Adieu, chère amie, je vous écris à la hâte ces paroles, le cœur plein de mille tendresses qui ne s’écrivent pas. Soignez-vous, ménagez-vous, je vous en serai reconnaissant. Je ne sais rien de vos projets de retour : mais je suppose que ce sera vers la fin d’octobre. Il me semble que je n’ai jamais plus désiré votre retour ; et je jouis de la certitude où je suis d’en être heureux. Je vous envoie une masse de complimens et de tendresses pour Cold Overton : distribuez-les comme bon vous semblera : je voudrais cependant que Selina[1] eût la meilleure part. Adieu, encore une fois ; si je ne vous écris pas, croyez que je n’en pense pas moins à vous ; je vous prie de le croire. Adieu, chère amie.

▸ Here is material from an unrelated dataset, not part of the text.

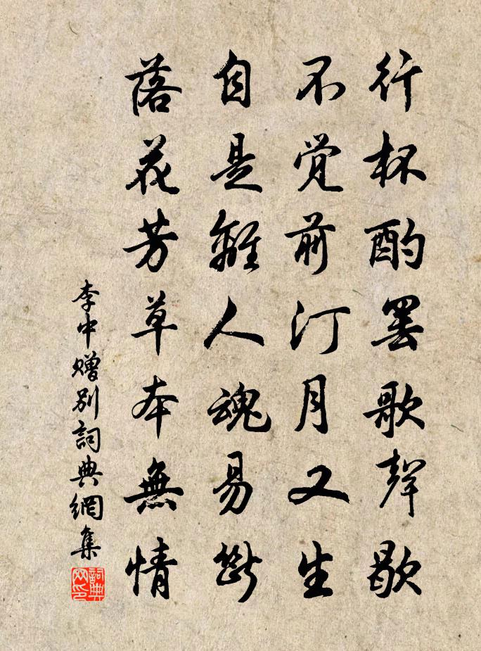 詩詞名句歷史字典書法欣賞書法字典國語詞典說文解字康熙字典古漢語字典標 題 作 者 詩 句 贈別作者:李中 朝代:唐代贈別原文行杯酌罷歌聲歇,不覺前汀月又生。自是離人魂易斷,落花芳草本無情。詩詞問答問:贈別的作者是誰?答:李中問:贈別寫於哪個朝代?答:唐代問:贈別是什麼體裁?答:七絕李中贈別書法欣賞贈別書法作品注釋全唐詩:卷747-7詩詞推薦千秋歲(壽友人)吳泳〔宋代〕松舟桂楫。苕霅溪頭別。秋後雨,春前雪。書憑湖雁寄,手把江蘺折。人未老,相看元似來時節。芳草鳴鶗鴂。野五雜俎范成大〔宋代〕五雜俎,流蘇縷。往復來,臨行語。不得已,上馬去。寄題彭澤王尉廨舍二境讀書岩楊萬里〔宋代〕不遇黃山谷,那傳石橘林。岩欺小孤頂,影落大江心。試聽秋蟲語,如聞夜誦音。梅仙癖嗜古,此外更幽尋。詠史上夏侯勝陳普〔宋代〕夏葛冬裘事已殊,茂陵禮樂議何迂。去周未遠真淳在,莫把公孫例漢儒。屈原塔蘇軾〔宋代〕楚人悲屈原,千載意未歇。精魂飄何處,父老空哽咽。至今滄江上,投飯救饑渴。遺風成競渡,哀叫楚山裂。屈原閒居書事唐異〔宋代〕幽居經宿雨,尾齒遍林塘。一境無過客,千山自夕陽。畫禽多獨語,夏木有餘涼。招隱詩慵寄,時清誰肯忘。上黃太史高荷〔宋代〕萬里南溪郡,黃香得賜環。盛名喧海內,摧翮返雲間。太史資誠峻,郎官選亦慳。朝廷才特起,堂奧援誰扳。一夢頌古十首釋師體〔宋代〕越鳥巢南枝,胡馬嘶北風。狸奴並白牯,寸步不曾通。千山都坐斷,萬派盡朝東。天王才合掌,那吒撲帝鍾。布袋贊釋紹曇〔宋代〕靠布袋坐,聽岩瀑笑。手把輪珠,數個什麼。內院拋離歲月深,啞,忘卻來時道。食梨曾鞏〔宋代〕今歲天旱甚,百穀病已久。山梨最大樹,屬此亦乾朽。當春花盛時,雪滿山前後。常期摘秋實,穰穰落吾手。忽驚楊少監寄西征近詩來,因賦二絕為謝。詩卷第范成大〔宋代〕錦囊隨上越王台,天海風濤亦壯哉。書到嶺頭梅恰動,一枝應伴一篇來。師厚明日歸南陽夜坐有懷梅堯臣〔宋代〕明朝子當去,我若雲失龍。龍歸雲未歸,索莫將安從。半夜出戶望,參畢已正中。倏然變陰黑,烈烈鳴窗風。窗鳴偈頌一百零二首釋慧遠〔宋代〕一粒紅稻飯,幾滴牛領血。憑君子細看,我亦難分雪。耕者耕未已,種者種不歇。目望九霄雲,誰顧三伏熱。秋收數日訴牒苦多憊甚戲作陸游〔宋代〕江南五月暑猶薄,梅子正黃風雨惡。庭中訟獠不貸人,急甚常如虎遭縛,空齋鼠跡留幾塵,賦詩飲酒疑前身。脫歸和商守登樓看雪邵雍〔宋代〕西樓賞雪眼偏明,次第身疑在水晶。千片萬片巧妝地,半舞半飛斜犯楹。形如玉悄依還碎,體似楊花又更輕。誰謂庚申元日口號陸游〔宋代〕南陌東阡自在身,耄年喜見歲華新。洛中九老非吾侶,且作山陰十老人。次韻子瞻和淵明飲酒二十首蘇轍〔宋代〕我性本疏懶,父母強教之。逡巡就科選,逮此年少時。幽憂二十年,懶性祗如茲。偶然踐黃闥,俯仰空自疑。乞身句薛紹彭〔宋代〕水雲生四面,常恐世人迷。玉樓春方千里〔宋代〕華堂銀燭堆紅淚。解說離人多少意。恨從別後恨無窮,愁到濃時惟一味。江南渭北三千里。憔悴相思何日已。馬蹄夜坐待月次日補吟衛宗武〔宋代〕瑤壇禮碧虛,返次羽人坐。引脰延月華,吞吐隔翠嶞。眾吻盼流芳,冉冉忽透過。大規雖微虧,猶喜鏡未破。浮翳名句推薦金風玉露一相逢,便勝卻人間無數。秦觀《鵲橋仙·纖雲弄巧》 耕夫召募愛樓船,春草青青萬項田;張繼《閭門即事》 欲寄彩箋兼尺素,山長水闊知何處?晏殊《蝶戀花·檻菊愁煙蘭泣露》 楚天千里清秋,水隨天去秋無際。辛棄疾《水龍吟·登建康賞心亭》 最是倉皇辭廟日,教坊猶奏別離歌,垂淚對宮娥。李煜《破陣子·四十年來家國》 春江潮水連海平,海上明月共潮生。張若虛《春江花月夜》 易挑錦婦機中字。難得玉人心下事。劉克莊《玉樓春·戲林推》 起來搔首,梅影橫窗瘦。汪藻《點絳唇·新月娟娟》 空獨倚東風,芳思誰寄。周密《繡鸞鳳花犯·賦水仙》 甘受人欺,定非懦弱;自謂予智,終是糊塗。王永彬《圍爐夜話·第一二五則》

Mary Clarke à Claude Fauriel.


Cold Overton, 2 octobre 1832.

Lorsque j’ai vu votre lettre ce matin, j’ai tremblé de la tête aux pieds. Il y avait si longtemps ! Elle était si ardemment désirée ! J’avais tant pensé, tant retourné toutes les raisons qui pouvaient vous empêcher d’écrire, tant veillé, tant prié, je m’étais tant raisonnée pour me résigner à n’en avoir point ! Car il me semblait impossible que vous ne m’eussiez pas écrit plus tôt si vous ne m’en vouliez pas mortellement. Je n’ai pu la lire, je me suis jetée à genoux toute en pleurs pour remercier Dieu de me l’avoir envoyée. Mon Dieu, que de tumultes dans mon âme, depuis que je suis revenue à la conscience ! Que j’ai regretté mille fois ma maladie ! Enfin je l’ai, cette lettre, je l’ai serrée, je l’ai baisée, j’ai couché dessus ma tête, mon visage, je ne pouvais assez la sentir, la palper, il me semblait que je ne reverrais jamais

  1. La fille de Mme Frewen-Turner.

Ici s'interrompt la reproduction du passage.